Sinds kardinaal Joseph Ratzinger paus Benedictus XVI is, ontving ik veel vragen over de geloofwaardigheid van zijn verklaringen wat betreft zijn leven in nazi-Duitsland. Hoewel Ratzinger werd geboren in een antinazistische familie, sloot hij zich op zijn veertiende aan bij de Hitlerjugend. Dat was in nazi-Duitsland een alledaags verschijnsel: veel Duitsers die na de oorlog het democratische Duitsland edelmoedig dienden – de grote liberaal-democratische denker Jürgen Habermas incluis – maakten deel uit van de Hitlerjugend. Later moest Ratzinger zijn dienstplicht vervullen, tot hij in het laatste jaar van de oorlog het leger verliet. Hij was toen achttien.

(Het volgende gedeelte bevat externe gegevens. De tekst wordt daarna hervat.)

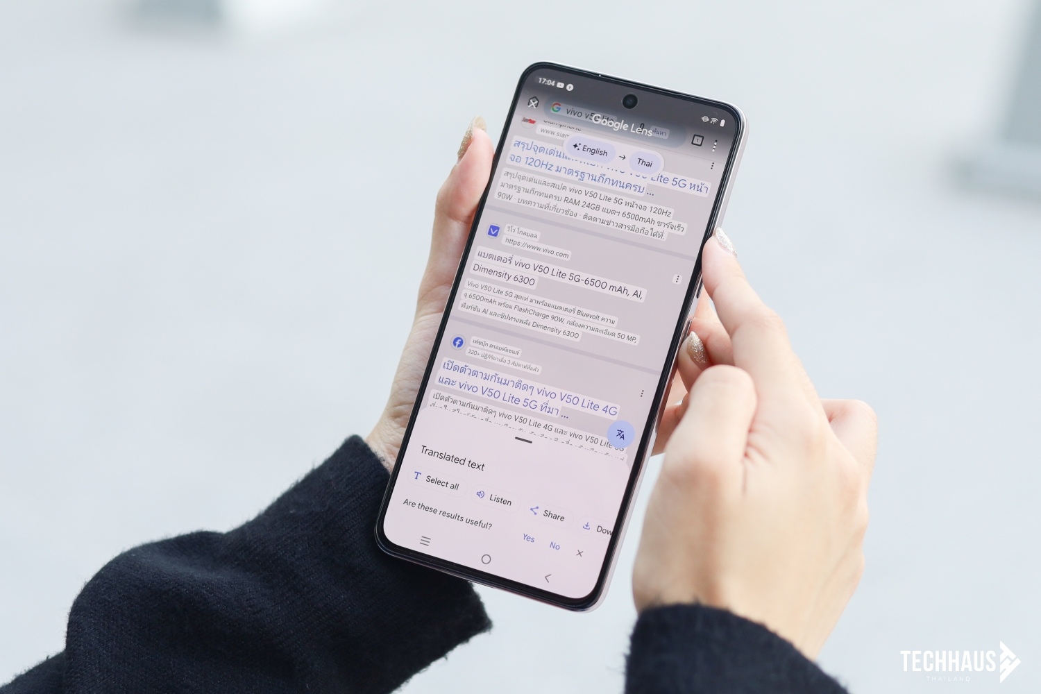 vivo V50 Lite มาพร้อมฟีเจอร์ AI ที่ช่วยให้การใช้งานเป็นเรื่องง่ายและสะดวกยิ่งขึ้น เริ่มจาก Circle to Search ฟีเจอร์ค้นหาข้อมูลโดยการแตะหรือวงกลมที่ข้อความหรือภาพบนหน้าจอ ระบบจะทำการค้นหาข้อมูลจาก Google ให้ทันที และยังรองรับฟีเจอร์ค้นหาเพลงที่สามารถระบุและค้นหาเพลงที่กำลังเล่นบนสมาร์ทโฟนหรืออุปกรณ์อื่นๆ ได้อย่างรวดเร็ว ไม่ต้องเสียเวลาพิมพ์หรือค้นหาอีกต่อไป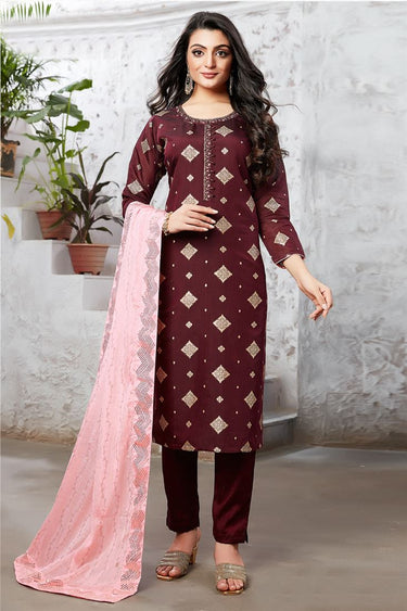 Maroon Color Parity Art Silk Function Wear Salwar Suit

Ratzingers verhaal klinkt aannemelijk. En het maakt hem in geen enkele zin onbevoegd om vandaag een religieuze of politieke functie te vervullen. Behoudens nieuwe informatie die zijn verhaal tegenspreekt, leidt de focus op de waarheidsgetrouwheid van zijn relaas de aandacht wel af van belangrijker vragen.

Die gaan over wat Benedictus heeft geleerd uit die jeugdperiode, en hoe dat zijn theologie en mogelijk zijn pausdom mee heeft bepaald. Hij was getuige van het allesverwoestende racisme van nazi-Duitsland, van de brutale onderwerping van mensen, en van massamoorden. Anders dan Johannes Paulus II, wiens pausdom en positieve houding tegenover de joden getekend werden door de ervaring van de holocaust in Polen, heeft Benedictus zich publiekelijk weinig laten ontvallen over de wreedheden. Wel wees hij erop dat zowel de nazi’s als de moderne samenleving het christendom en zijn Waarheid verwierpen. Het was voor hem een reden om als katholiek niet toe te geven aan een heleboel aspecten van de moderniteit, waaronder het zogenaamde relativisme – en dan vooral het idee dat ook andere religies een geldige weg naar God kunnen zijn. Als interpretatie van het nazisme zou die denkwijze selectief en vals zijn; als een les getrokken uit het nazisme, is ze ook selectief. En verontrustend.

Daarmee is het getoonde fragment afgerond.